Everyone's comparing o1 and claude, but neither really work well enough to justi...

coreyh14444 · on Dec 22, 2024

Just tell it to do that and it will. Whenever I ask an AI for something and I'm pretty sure it doesn't have all the context I literally just say "ask me clarifying questions until you have enough information to do a great job on this."

aimanbenbaha · on Dec 22, 2024

And this chain of prompts cumulated with the improved CoT reasoner would accrue a lot more enhanced results. More in line with what the coming agentic era promises.

vintermann · on Dec 22, 2024

Yes. You can only do so much with the information you get in. The ability to ask good questions, not just of itself in internal monologue style, but actually of the user, would fundamentally make it better since it can get more information in.
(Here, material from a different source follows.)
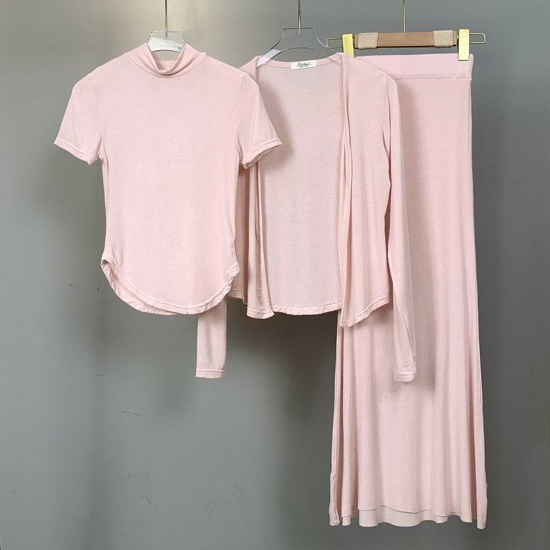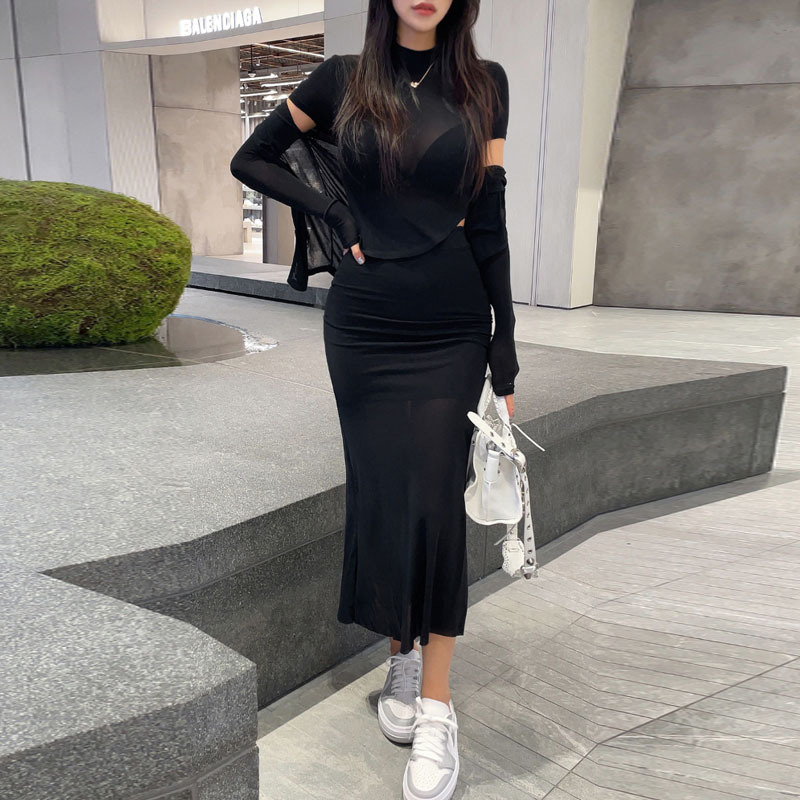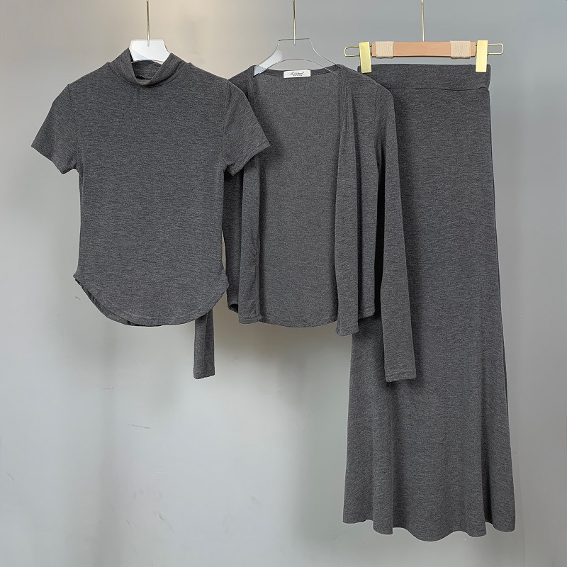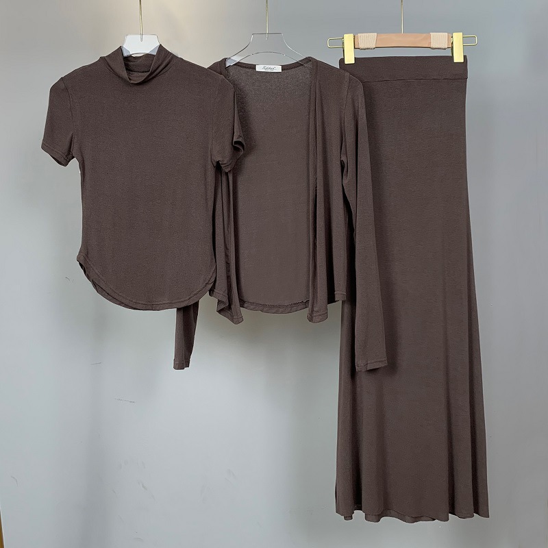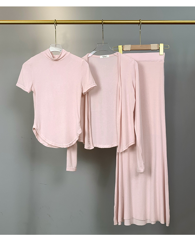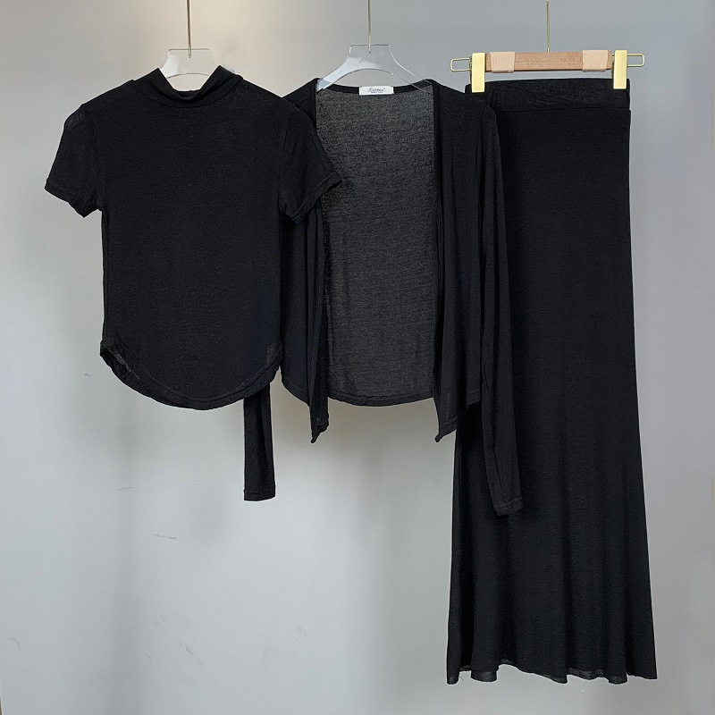 Semi-high Neck Short-sleeve T-shirt Cardigan Fishtail Skirt Three-piece Set For Women

As it is now, it has a bad habit of, if it can't answer the question you asked, instead answering a similar-looking question which it thinks you may have meant. That is of course a great strategy for benchmarks, where you don't earn any points for saying you don't know. But it's extremely frustrating for real users, who didn't read their question from a test suite.

Vecr · on Dec 22, 2024

I know multiple people that carefully prompt to get that done. The model outputs in direct token order, and can't turn around, so you need to make sure that's strictly followed. The system can and will come up with post-hoc "reasoning".

simondotau · on Dec 22, 2024

Just today I got Claude to convert a company’s PDF protocol specification into an actual working python implementation of that protocol. It would have been uncreative drudge work for a human, but I would have absolutely paid a week of junior dev time for it. Instead I wrote it alongside AI and it took me barely more than an hour.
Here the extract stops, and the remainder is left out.